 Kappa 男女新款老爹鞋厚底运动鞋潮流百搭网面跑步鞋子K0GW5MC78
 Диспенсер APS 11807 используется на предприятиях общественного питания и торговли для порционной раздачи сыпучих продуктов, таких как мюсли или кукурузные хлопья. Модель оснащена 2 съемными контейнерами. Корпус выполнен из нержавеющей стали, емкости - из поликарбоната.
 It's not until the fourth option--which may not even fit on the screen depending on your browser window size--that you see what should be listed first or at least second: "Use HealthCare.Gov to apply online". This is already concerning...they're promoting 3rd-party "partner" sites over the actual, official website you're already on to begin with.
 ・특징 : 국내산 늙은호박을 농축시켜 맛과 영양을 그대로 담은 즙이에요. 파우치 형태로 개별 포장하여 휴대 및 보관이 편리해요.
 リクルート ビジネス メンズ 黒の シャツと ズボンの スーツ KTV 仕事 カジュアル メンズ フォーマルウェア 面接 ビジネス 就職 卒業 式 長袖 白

...

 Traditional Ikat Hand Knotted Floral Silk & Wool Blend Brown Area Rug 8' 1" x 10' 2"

▸ **TASK DIRECTIONS**
Only the lines above starting with the one with "Диспенсер APS 11807" and going through the one with "リクルート ビジネス メンズ" are to be copied, word for word and with both ends kept.

▸ **WRITTEN SOLUTION**
 Диспенсер APS 11807 используется на предприятиях общественного питания и торговли для порционной раздачи сыпучих продуктов, таких как мюсли или кукурузные хлопья. Модель оснащена 2 съемными контейнерами. Корпус выполнен из нержавеющей стали, емкости - из поликарбоната.
 It's not until the fourth option--which may not even fit on the screen depending on your browser window size--that you see what should be listed first or at least second: "Use HealthCare.Gov to apply online". This is already concerning...they're promoting 3rd-party "partner" sites over the actual, official website you're already on to begin with.
 ・특징 : 국내산 늙은호박을 농축시켜 맛과 영양을 그대로 담은 즙이에요. 파우치 형태로 개별 포장하여 휴대 및 보관이 편리해요.
 リクルート ビジネス メンズ 黒の シャツと ズボンの スーツ KTV 仕事 カジュアル メンズ フォーマルウェア 面接 ビジネス 就職 卒業 式 長袖 白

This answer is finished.